[Given data Boundary: Start]

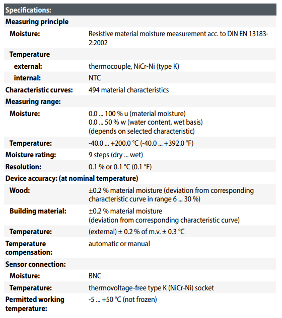 The cumbersome usage of calculation tables becomes a thing of the past. Additionally you get a moisture rating (wet ... dry) of the measured material.
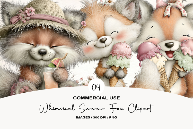Whimsical Watercolor Clipart Summer Clipart Sublimation Summer Clipart Bundle Summer Sublimation Summer Png Png Sublimation Whimsical Summer Whimsical Summer Fox Clipart
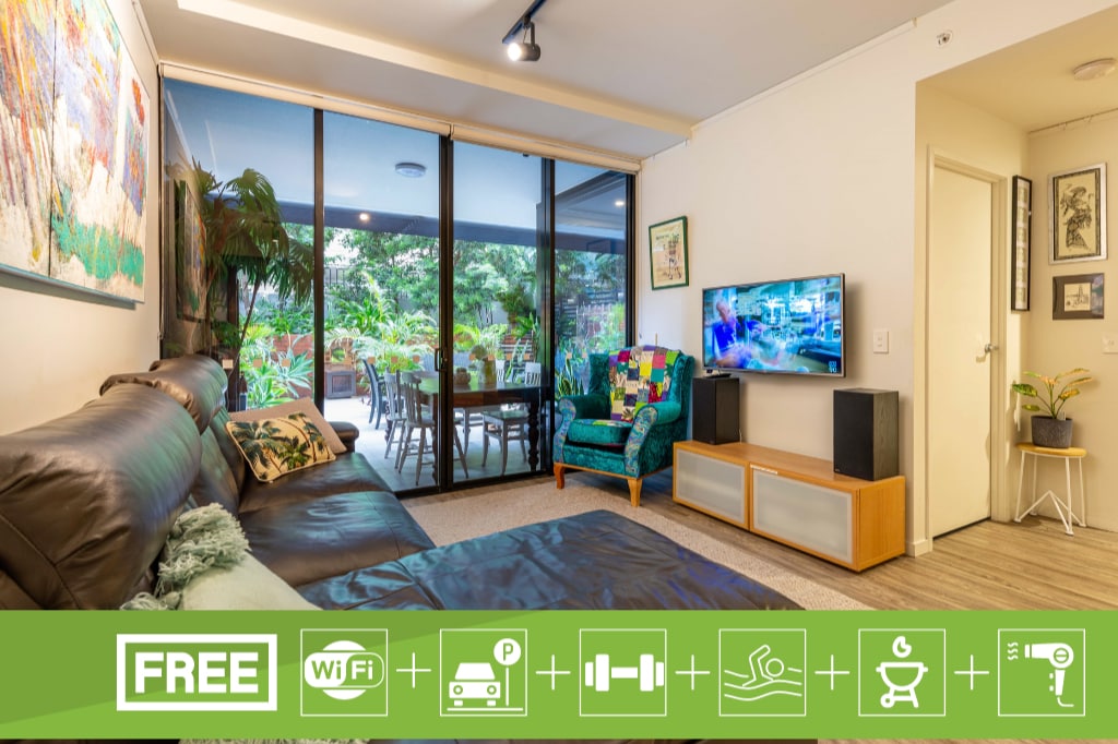 Welcome to your urban oasis! This studio features a rooftop private garden terrace with hinterland views. Enjoy the open-plan design with floor-to-ceiling windows, a kitchenette, dining, lounge & bedroom space. Perfect for work or relaxation, yoga or small gatherings. Has a study table & large dining table. Ideal location to Southbank, The Gabba, QPAC, Riverstage, Suncorp Stadium & the Convention Centre. Includes a 55" smart TV + free Netflix & free car parking. A perfect city retreat!
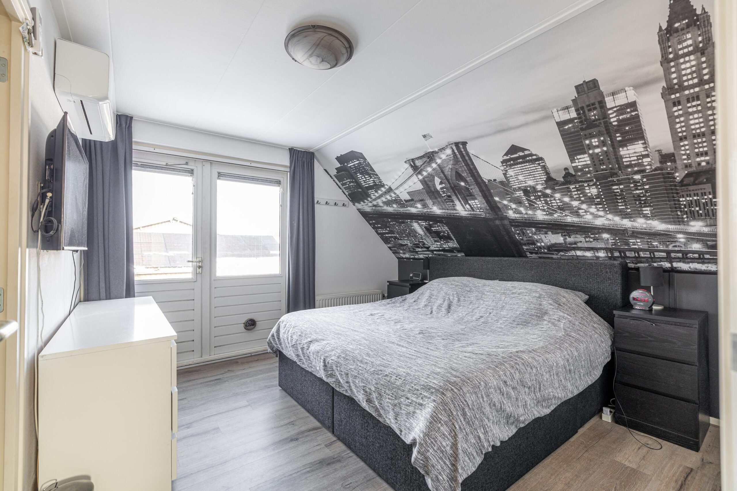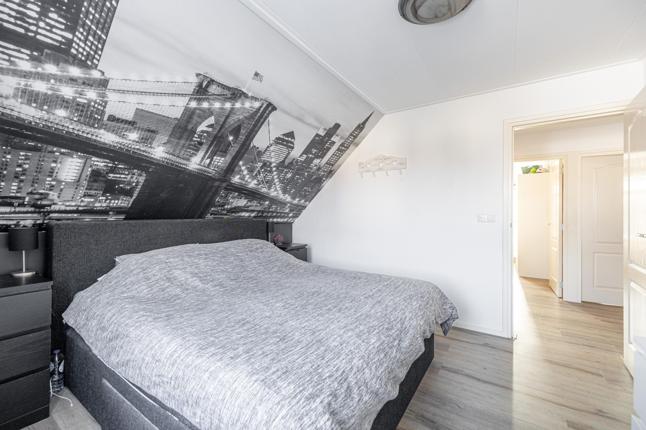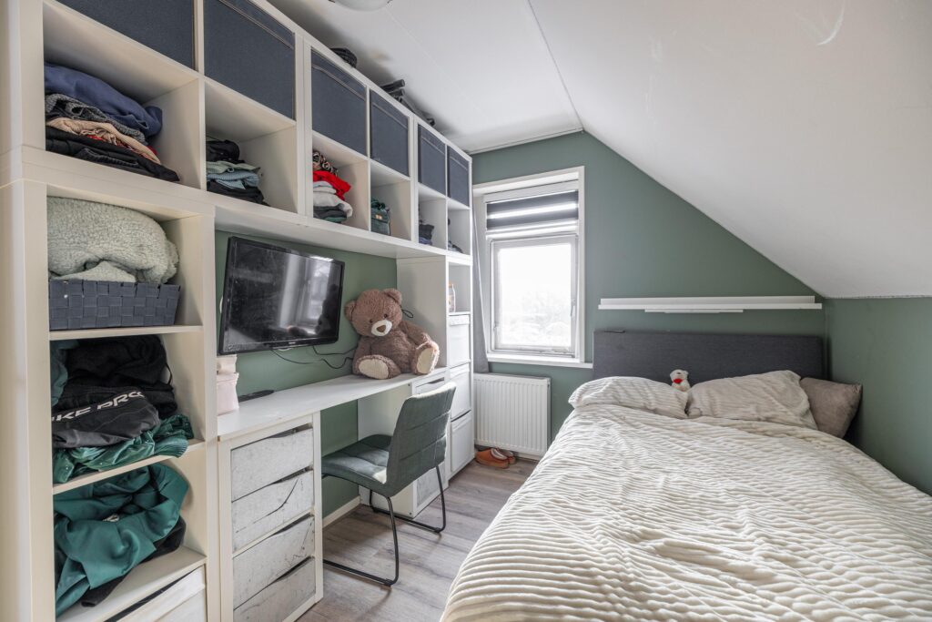 Overloop met toegang tot vier slaapkamers. De vierde slaapkamer is momenteel ingericht als inloopkast, deze kast is gemakkelijk weer te demonteren zodat deze kamer ook kan dienen als slaapkamer. Op deze verdieping zijn twee airco-units aanwezig, wat zorgt voor een comfortabel binnenklimaat in alle seizoenen.
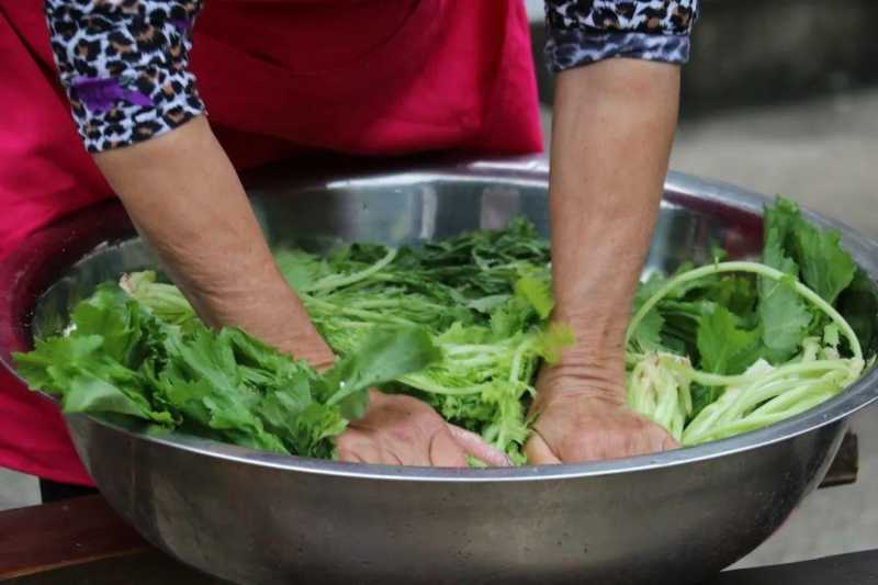 一早,家住金山区朱泾镇秀州村的周爱萍阿姨和邻居们就开始忙活起来了,周阿姨在自己门前的田里采摘了一些绿叶菜,开始准备腌菜,先将雪菜洗净晾干,加入盐和辣椒之后,使劲揉搓。周阿姨告诉记者,这些雪菜腌制一夜之后,要装瓶储存近一个月之后,才能食用。“现在这个季节,田里来的大头菜、雪菜、青菜,都可以腌制”。周阿姨一边揉着菜,一边说,“像小雪前后,我们都开始腌菜了,今年我腌的第一批菜,都差不多可以吃了”。

[Given data Boundary: End]

### Task statement
Without the pictures, extract every entry verbatim.

### Answer to this task
 The cumbersome usage of calculation tables becomes a thing of the past. Additionally you get a moisture rating (wet ... dry) of the measured material.
Whimsical Watercolor Clipart Summer Clipart Sublimation Summer Clipart Bundle Summer Sublimation Summer Png Png Sublimation Whimsical Summer Whimsical Summer Fox Clipart
 Welcome to your urban oasis! This studio features a rooftop private garden terrace with hinterland views. Enjoy the open-plan design with floor-to-ceiling windows, a kitchenette, dining, lounge & bedroom space. Perfect for work or relaxation, yoga or small gatherings. Has a study table & large dining table. Ideal location to Southbank, The Gabba, QPAC, Riverstage, Suncorp Stadium & the Convention Centre. Includes a 55" smart TV + free Netflix & free car parking. A perfect city retreat!
 Overloop met toegang tot vier slaapkamers. De vierde slaapkamer is momenteel ingericht als inloopkast, deze kast is gemakkelijk weer te demonteren zodat deze kamer ook kan dienen als slaapkamer. Op deze verdieping zijn twee airco-units aanwezig, wat zorgt voor een comfortabel binnenklimaat in alle seizoenen.
 一早,家住金山区朱泾镇秀州村的周爱萍阿姨和邻居们就开始忙活起来了,周阿姨在自己门前的田里采摘了一些绿叶菜,开始准备腌菜,先将雪菜洗净晾干,加入盐和辣椒之后,使劲揉搓。周阿姨告诉记者,这些雪菜腌制一夜之后,要装瓶储存近一个月之后,才能食用。“现在这个季节,田里来的大头菜、雪菜、青菜,都可以腌制”。周阿姨一边揉着菜,一边说,“像小雪前后,我们都开始腌菜了,今年我腌的第一批菜,都差不多可以吃了”。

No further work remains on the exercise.